Posté par atempodiblog le 14 novembre 2015

Delitto di Ancona, siamo “pronti” a che i nostri figli diventino assassini?
di Davide Tartaglia – Il Sussidiario.net

omicidio di ancona

“Ma chi è pronto ad affrontare l’impossibile che sta per verificarsi? Chi è pronto ad affrontare la tragedia e l’incomprensibilità del dolore? Nessuno. La tragedia dell’uomo impreparato alla tragedia: cioè la tragedia di tutti”.
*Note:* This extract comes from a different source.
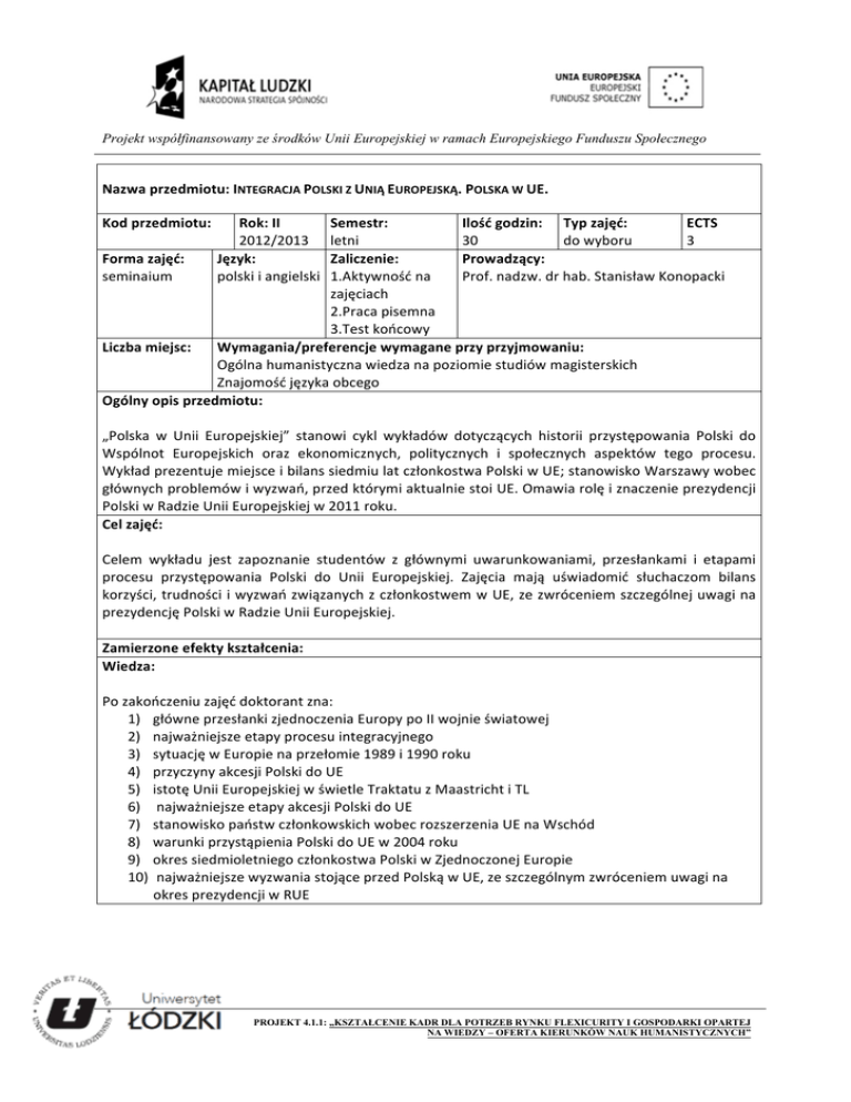 Projekt współfinansowany ze środków Unii Europejskiej w ramach Europejskiego Funduszu Społecznego Nazwa przedmiotu: INTEGRACJA POLSKI Z UNIĄ EUROPEJSKĄ. POLSKA W UE. Kod przedmiotu: Rok: II 2012/2013 Forma zajęć: Język: seminaium polski i angielski Semestr: Ilość godzin: Typ zajęć: ECTS letni 30 do wyboru 3 Zaliczenie: Prowadzący: 1.Aktywność na Prof. nadzw. dr hab. Stanisław Konopacki zajęciach 2.Praca pisemna 3.Test końcowy Liczba miejsc: Wymagania/preferencje wymagane przy przyjmowaniu: Ogólna humanistyczna wiedza na poziomie studiów magisterskich Znajomość języka obcego Ogólny opis przedmiotu: „Polska w Unii Europejskiej” stanowi cykl wykładów dotyczących historii przystępowania Polski do Wspólnot Europejskich oraz ekonomicznych, politycznych i społecznych aspektów tego procesu. Wykład prezentuje miejsce i bilans siedmiu lat członkostwa Polski w UE; stanowisko Warszawy wobec głównych problemów i wyzwań, przed którymi aktualnie stoi UE. Omawia rolę i znaczenie prezydencji Polski w Radzie Unii Europejskiej w 2011 roku. Cel zajęć: Celem wykładu jest zapoznanie studentów z głównymi uwarunkowaniami, przesłankami i etapami procesu przystępowania Polski do Unii Europejskiej. Zajęcia mają uświadomić słuchaczom bilans korzyści, trudności i wyzwań związanych z członkostwem w UE, ze zwróceniem szczególnej uwagi na prezydencję Polski w Radzie Unii Europejskiej. Zamierzone efekty kształcenia: Wiedza: Po zakończeniu zajęć doktorant zna: 1) główne przesłanki zjednoczenia Europy po II wojnie światowej 2) najważniejsze etapy procesu integracyjnego 3) sytuację w Europie na przełomie 1989 i 1990 roku 4) przyczyny akcesji Polski do UE 5) istotę Unii Europejskiej w świetle Traktatu z Maastricht i TL 6) najważniejsze etapy akcesji Polski do UE 7) stanowisko państw członkowskich wobec rozszerzenia UE na Wschód 8) warunki przystąpienia Polski do UE w 2004 roku 9) okres siedmioletniego członkostwa Polski w Zjednoczonej Europie 10) najważniejsze wyzwania stojące przed Polską w UE, ze szczególnym zwróceniem uwagi na okres prezydencji w RUE PROJEKT 4.1.1: „KSZTAŁCENIE KADR DLA POTRZEB RYNKU FLEXICURITY I GOSPODARKI OPARTEJ NA WIEDZY – OFERTA KIERUNKÓW NAUK HUMANISTYCZNYCH” Projekt współfinansowany ze środków Unii Europejskiej w ramach Europejskiego Funduszu Społecznego Umiejętności: Po zakończeniu kursu doktorant potrafi: 1) udowodnić sensowność i potrzebę zjednoczenia Europy po II wojnie światowej 2) wskazać w historii kluczowe etapy integracji europejskiej 3) analizować znaczenie wydarzeń przełomu 1989/1990 roku dla historii Europy 4) zinterpretować model UE w świetle Traktatu z Maastricht i Traktatu z Lizbony 5) zaprezentować przebieg akcesji Polski do Unii Europejskiej 6) przeprowadzić krytyczną interpretację stanowiska państw członkowskich UE wobec rozszerzenia 7) dobierać argumenty dla uzasadnienia swego stanowiska/opinii przy omawianiu problemu związanego z obecnością Polski w UE 8) decydować, które fakty mają istotne znaczenie dla analizowanego problemu 9) formułować adekwatny opis i ocenę zjawisk z zakresu integracji europejskiej/ stosunków międzynarodowych 10) łączyć różne fakty i elementy wydarzeń w sensowną całość oraz wyciągać wnioski 11) korzystać z różnych źródeł przy interpretowaniu procesów i zjawisk politycznych 12) zastosować zdobytą wiedzę dla artykułowania prognoz politycznych Inne kompetencje (postawy): Po ukończeniu kursu doktorant potrafi: 1) krytycznie oceniać przekazywaną wiedzę 2) stosować różnorodne strategie interpretacyjne 3) domyślać się ukrytych intencji, stojących za oficjalnymi stanowiskami politycznymi 4) odnosić konkretne fakty/wydarzenia do kontekstu sytuacyjnego 5) proponować różne scenariusze rozwoju wydarzeń Sposób sprawdzenia osiągnięcia efektów zamierzonych: 1. -‐ Pisemny tekst końcowy sprawdzający podstawową wiedzę studenta w zakresie terminologii oraz wiadomości faktograficznych zdobytych na zajęciach 2. -‐ Praca pisemna związana z tematem seminarium 3. -‐ W trakcie zajęć student będzie musiał odpowiadać na pytania, dyskutować, argumentować w formie zajęć kontaktowych w języku obcym. PROJEKT 4.1.1: „KSZTAŁCENIE KADR DLA POTRZEB RYNKU FLEXICURITY I GOSPODARKI OPARTEJ NA WIEDZY – OFERTA KIERUNKÓW NAUK HUMANISTYCZNYCH” Projekt współfinansowany ze środków Unii Europejskiej w ramach Europejskiego Funduszu Społecznego Szczegółowy opis przedmiotu (treści programowe): 1. Integracja Europy w okresie zimnej wojny; 2. Sytuacja międzynarodowa na przełomie lat 80 i 90 (zwycięstwo „Solidarności” w Polsce; rozpad ZSRR; zjednoczenie Niemiec); 3. Polska po 1989 roku – sytuacja wewnętrzna i polityka zagraniczna; 4. Relacje między Polska a Wspólnotami do 1991 roku; 5. Powstanie Unii Europejskiej w 1992 r.; 6. Droga Polski do UE w końcu XX w.; 7. Układ o Stowarzyszeniu; 8. UE wobec rozszerzenia na Wschód, 9. Negocjacje członkowskie, traktat akcesyjny i warunki członkostwa Polski w UE; 10. UE w świetle Traktatu z Lizbony; 11. Bilans siedmiu lat obecności w UE; Polska wobec problemów UE; 12. Polska promotorem polityki wschodniej UE; 13. Partnerstwo Wschodnie; 14. Prezydencja Polski w RUE w 2011 roku. 15. Polska wobec kryzysu strefy euro. 16. Stanowisko Warszawy wobec wydarzeń dotyczących południowych sąsiadów UE. 17. Jaki model zjednoczonej Europy leży w interesie Polski Uwaga: W języku angielskim odbędą się zajęcia dotyczące okresu po przystąpieniu Polski do UE w 2004 roku i jej miejsca z zjednoczonej Europie. Zalecana literatura: K. Łastawski, Od idei do integracji europejskiej, W-‐wa 2004 K. Popowicz, Historia integracji europejskiej, W-‐wa 2006 P. J. Borkowski, Polityczne teorie integracji międzynarodowej, Warszawa 2007 N. Davis, Europa, Kraków 2001 S. Parzymies, Stosunki międzynarodowe w Europie 1945-‐2004, Warszawa 2004 J. Łuk

Queste parole di Philip Roth, da Pastorale Americana, sono le prime che mi sono venute in mente di fronte allo strazio imponderabile che ha improvvisamente raggiunto una tranquilla famiglia di Ancona. Una famiglia per bene: Fabio Giacconi, quarantanovenne sottufficiale dell’Aeronautica, ridotto ad un’agonia ormai senza speranze, e Roberta Pierini, sua moglie, uccisa da due colpi di pistola esplosi dall’appena maggiorenne Antonio Tagliata, fidanzato della figlia Martina, ragazza di soli sedici anni e presunta complice del suo amato.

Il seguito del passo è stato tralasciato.